In this first part we are going to share with you some common logical and high level steps we tend to follow to design detection logic for a certain attack technique. To make it simple and straightforward we will start with some definitions (to align) and then analyze the following diagram that summarizes big chunks of the process.
- attack technique: group of small blocks (primitives) chained to bypass a certain security control (e.g. steal secrets, elevate privileges, execute code remote or locally).
- datasource: mainly logs (host and network) and OS telemetry such as processes execution, file modifications, network connection.
- detection resilience: high level qualitative metric to measure how easy for an attacker to bypass a certain detection logic (e.g. to detect LSASS memory dump creation we monitor file creation with the name "lsass.dmp". this can be easily bypassed if the attacker has control over the file name).
- unique changes: if a certain attack primitive performs a change that happens a lot and in normal conditions (e.g. create a file with extension .tmp or .js in the user temporary directory) then this change is not unique enough and hence can't be used as an indicator of suspicious activity.
- context: if a certain change is unique enough to use it as an indicator of suspicious activity, we still have to assess if it provides enough context or it can be associated to 100 techniques.
Step A, consist of identifying all building blocks of certain attack technique, in our example we have 8 primitives for the attack technique X (often involves reading documentation and source code if available and needed).
Step B, consist of identifying what's necessary for the technique success and what's optional from an attacker perspective for the success of the technique, in our example out of 8 primitives only 5 are needed (still green) and the rest are optional and if omitted the technique still works.
Step C, consist of identifying what's under the attacker control and what's not (e.g. in PM1 the technique needs drop a dll file in the system32 directory, the default name is abc.dll (still can be used as signature) but the attacker controls the name and can set it to more than 20 different unique names). In our example out of 5 necessary PMs, only 3 are non modifiable (still green) and 2 are modifiable (marked as dark green).

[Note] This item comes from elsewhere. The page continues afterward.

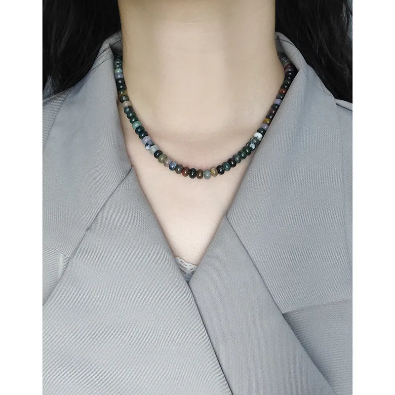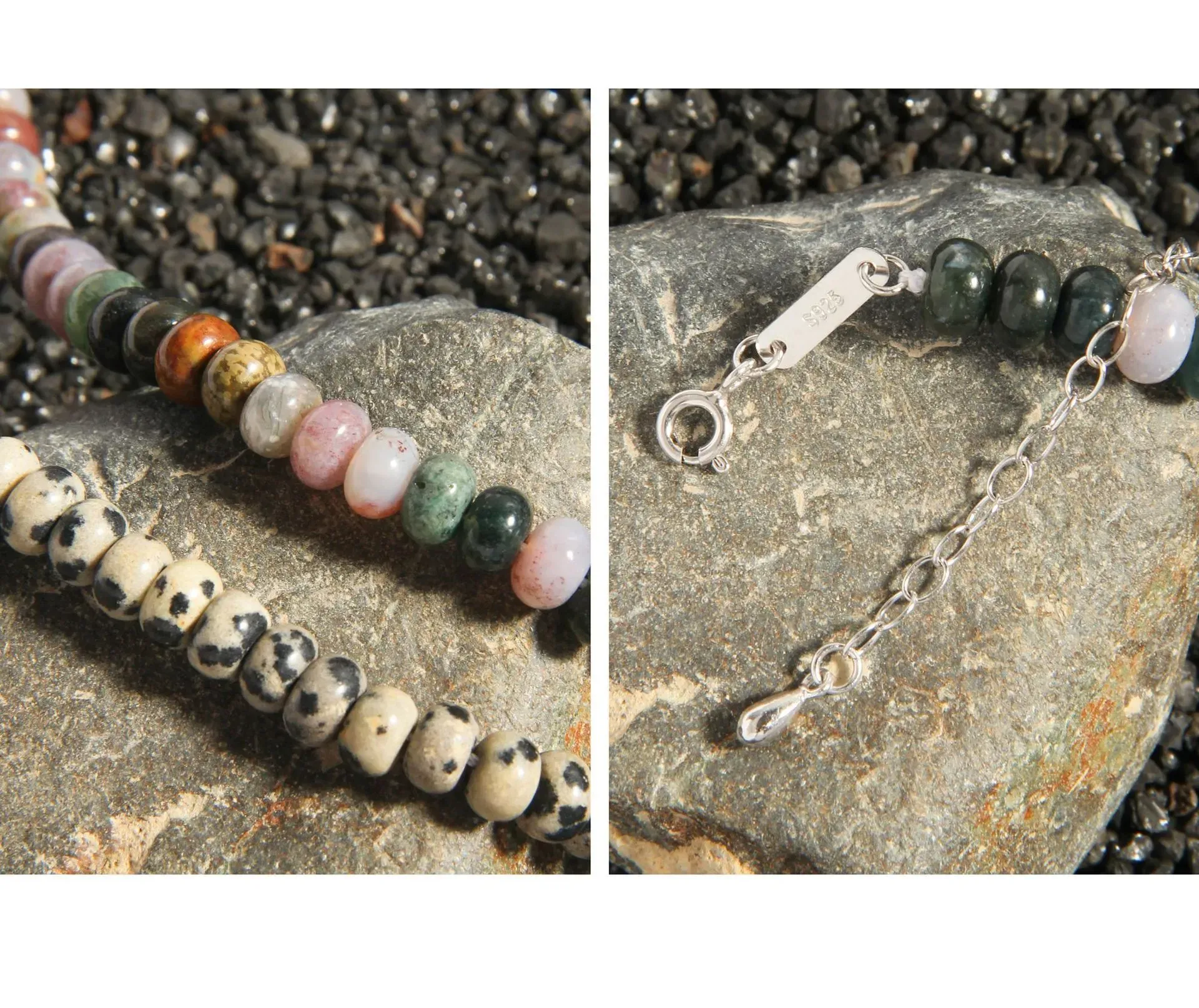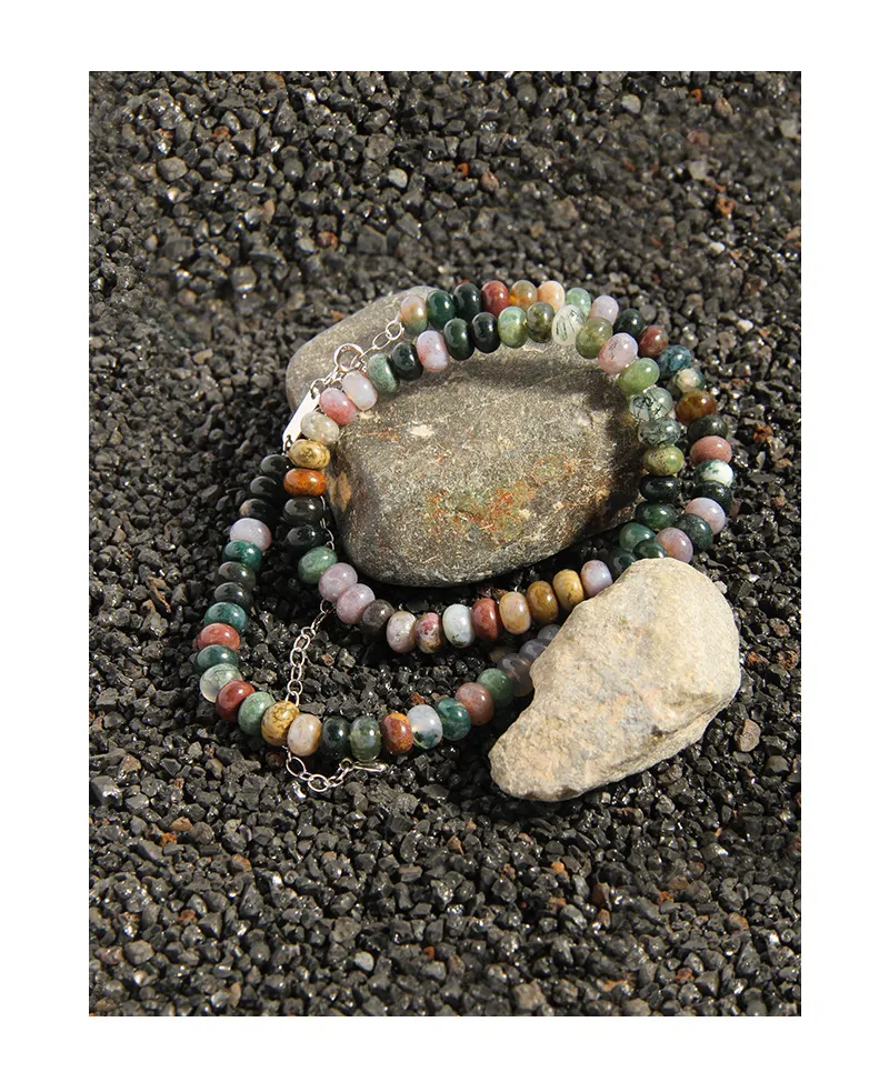 The unique, fluid style of this beaded piece highlights the raw textures and inherent patterns within each gemstone. Every bead tells a story with its subtle marbling, speckles, and variations, capturing the imperfect beauty and profound depth characteristic of natural artistry. This Pumah Necklace celebrates an organic elegance, reflecting the luminous and ever-changing brilliance inspired by nature’s patterns.

Step D, consist of mapping the 5 necessary PM to the relevant datasources we have at our disposition, (e.g. in PM8 Explorer.exe will perform a network connection but we don't collect processes network telemetry). In our example out of 5 PMs we have telemetry for only 3 PMs and the 2 others are opportunities for improvement (marked in purple) and if we encounter a medium to high number of techniques that requires the same type of telemetry then it's worth using it as a justification to enable visibility on those gaps.
Step E, mainly consist of identifying what's normal (happens a lot and if enabled as a detection will DoS your mailbox and SIEM), exclusion opportunities and what's unique enough to use it as an indicator of suspicious activity. This usually involves querying the history of existing datastores and if the number of hits is medium to low then its worth moving to the next step. In our example out of 3 remaining PMs we are left with 2 .
Step F, In this step we are are left with 2/8 PMs, that can serve as our initial detection scope, we need to assess the detection opportunities we have in term of performance impact, alert context and enrichment options. for instance if PM4 alone is indeed indicative of something suspicious still it can be also associated to other unrelated malicious techniques (context), and for PM5 we need to create a rule that matches against 100 different file names (query time and high performance impact).
Following those steps in order is not necessary, and we may have missed (unintentionally) some other important steps. It usually comes to having a good understanding of the offensive technique, filtering out normal behavior while in the same time balancing detection resilience, alert context and performance impact. Also not always we have guarantees to come up with a detection for a TTP, but the ultimate goal is to capture gaps and potential opportunities of improvement. In the upcoming parts we will try to cover each step in details with some practical examples.